Fitting Ourselves into Our Busy Schedules
Do you ever feel like you need a coordinator for your family’s busy schedule? If your family is like ours, you certainly do. I am told that one day we will really miss it and I’m certain that this is the truth — but for right now, it is busy. Our schedule includes phone calls, meetings, committees, homework, praise team practice, visits, sports, music lessons, work etc.
There is, however, the rare night when nothing is on and we can connect as a family. On a night like that, Winona and I will have a cup of tea and settle into a conversation about how things are going for both of us. We typically talk about how we are doing personally and as a couple, about how our kids are doing and what is coming up and who is doing what.

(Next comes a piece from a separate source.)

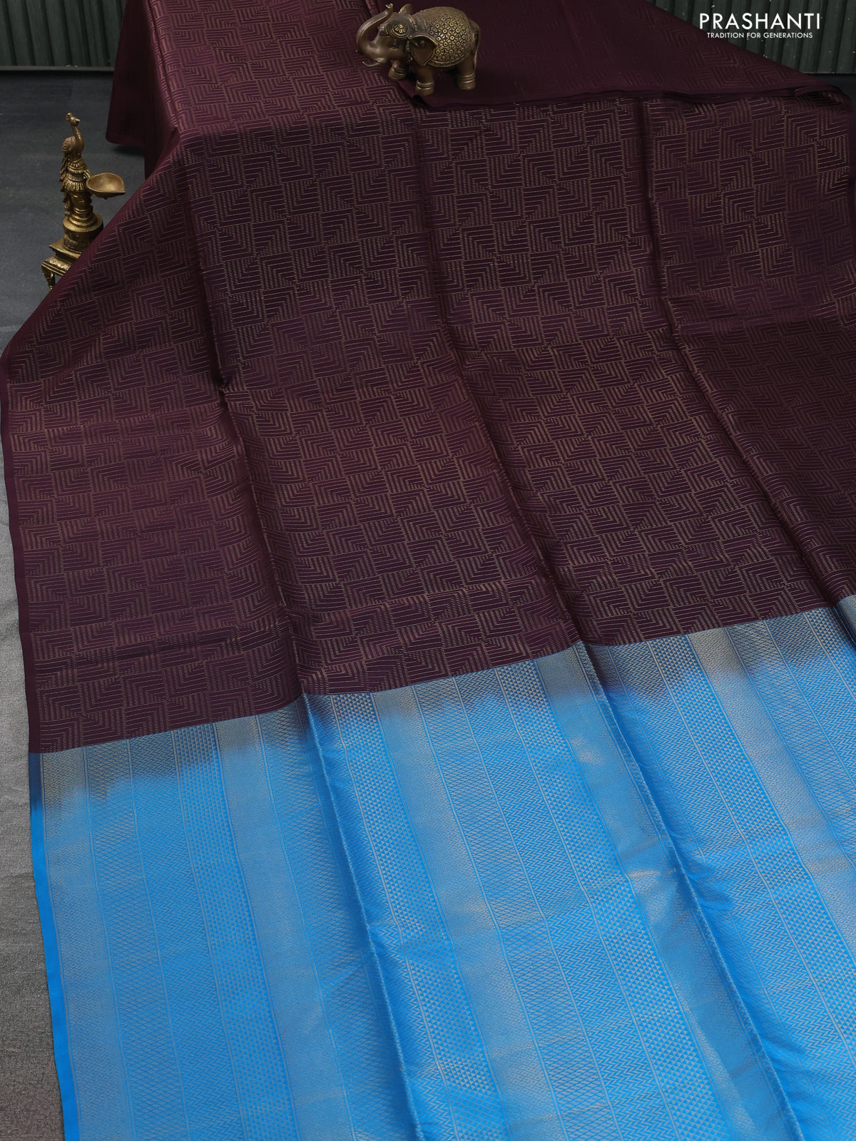 Kanchipuram soft silk saree deep wine shade and cs blue with allover zari weaves in borderless style

And then our conversation moves on to the other priorities in our life, like the institutions and people we care about most: church, schools, family, and friends.

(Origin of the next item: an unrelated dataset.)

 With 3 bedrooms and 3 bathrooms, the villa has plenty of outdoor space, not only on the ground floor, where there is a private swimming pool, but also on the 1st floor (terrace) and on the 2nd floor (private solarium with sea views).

Part of talking about the organizations we love is coming to terms with what our involvement means. We are members of a church and of schools that often depend on our talents to accomplish their missions. And if I am honest, when I see an invitation to attend a school function or a church meeting, it isn’t my first response to say, “Yes.” I’m more likely to think, “Do I have to?” or “I’m really busy.” Some things we go to and some things we don’t, and clearly as the Principal of one of the organizations we care deeply about, attending functions isn’t much of an option at times. This, not surprisingly, often adds to the “zoo-itude” of our schedules.
For us, healthy boundaries are key to the sanity of our household. Sometimes we have to be able to say no to what we might feel is an obligatory event or commitment. Sometimes we also need to let go and let others lead, remembering that we don’t have to do everything for everyone all the time for every organization. Sometimes we forget that any kind of “god complex” is both unnecessary and unhealthy.

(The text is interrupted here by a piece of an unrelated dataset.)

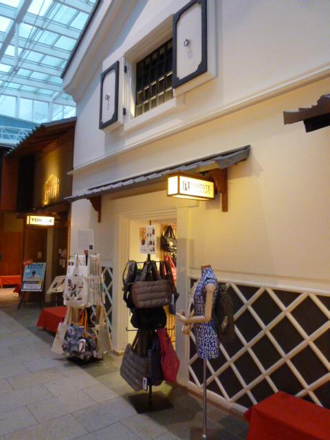 羽田空港国際線ターミナルのショッピングエリア「江戸小路」の一画にあるトートバッグのお店が「ROOTOTE GALLERY」です。初めて見た名前で、しかも蔵造り風の外観に興味を惹かれ覗いてみました。店内は意外とお手頃なお値段のトートバックが豊富で、女性向けのデザインが中心です。
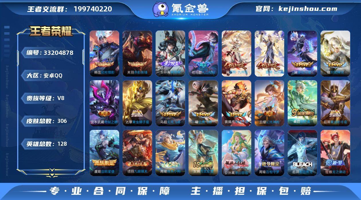 TD264706可二次安卓Q-V8-尊贵铂金II段位-128英雄-306皮肤-2典藏皮肤-1无双-14传说-99史诗 【英雄全皮】:司马懿全皮,孙权全皮,司空震全皮,空空儿全皮 【荣耀典藏】:关羽赤影疾锋,韩信弑枪猎影 【无双皮肤】:公孙离离恨烟 【传说皮肤】:司马懿九山相柳,司空震愿照山河定,澜愿照九州拓,云缨幻光神枪,裴擒虎祥瑞亨通,桑启鸣野蒿,澜逐花归海,马超无双飞将,镜炽阳神光,虞姬启明星使,曜云鹰飞将,达摩黄金狮子座,后羿黄金射手座,宫本武藏地狱之眼 【限定皮肤】:公孙离离恨烟,蒙犽顽岩魄,蔡文姬夏日便利店,虞姬夏日便利店,姜子牙天穹之誓,李白谪仙醉月,狄仁杰阴阳师,赵云皇家上将,赵云龙胆,墨子神迹守卫,嬴政优雅恋人,庄周高山流水,高渐离玩趣恶龙,钟无艳王者之锤,钟无艳超时空战士,周瑜赤莲之焰,元歌无心,夏侯惇朔风刀,甄姬落雪兰心,马可波罗暗影游猎,狄仁杰魔术师,狄仁杰万华元夜,达摩沙漠行僧,项羽海滩派对,老夫子醍醐杖,老夫子航海奇遇记,关羽冰锋战神,程咬金演武夺筹,王昭君午后时光,兰陵王驯魔猎人,兰陵王金庭之子,孙悟空至尊宝,李元芳云中旅人,虞姬启明星使,钟馗驱傩正仪,哪吒逐梦之翼,雅典娜单词大作战,雅典娜黎明...

For our family, when we are in our sweet spot, we are attending things because we feel invited rather than obligated and because we are satisfied that our voice matters to the bigger picture and the broader conversation. These are the type of events that will capture our attention as a family, and these are events that become part of our priority conversations on those rare evenings when our schedule is free.
Maybe this resonates with you and maybe it doesn’t, but I am sharing all of the above as the context for an invitation to our upcoming Town Hall meeting about the renewal of our facilities. This isn’t an obligation; it is an invitation. This meeting will be a time for you to be heard, to share some insights, to reflect and cast vision with us about what our school facility can and should become into the future. We know that if you attend, you are making room in your schedule to invest time in HDCH — and we are grateful.
At the same time, if February 15 is your only free night of that week, staying home and connecting with your family might just be the best option. We understand this, so we will do our best to communicate the message to you at other times and in other ways about why and what we are hoping to do with our building.
Whether you join us February 15, or whether you participate in the conversation in other ways, I hope you’ll engage with us. Your voice in important in shaping the future — for the students who attend now, and for those who will be here during the next 60 years.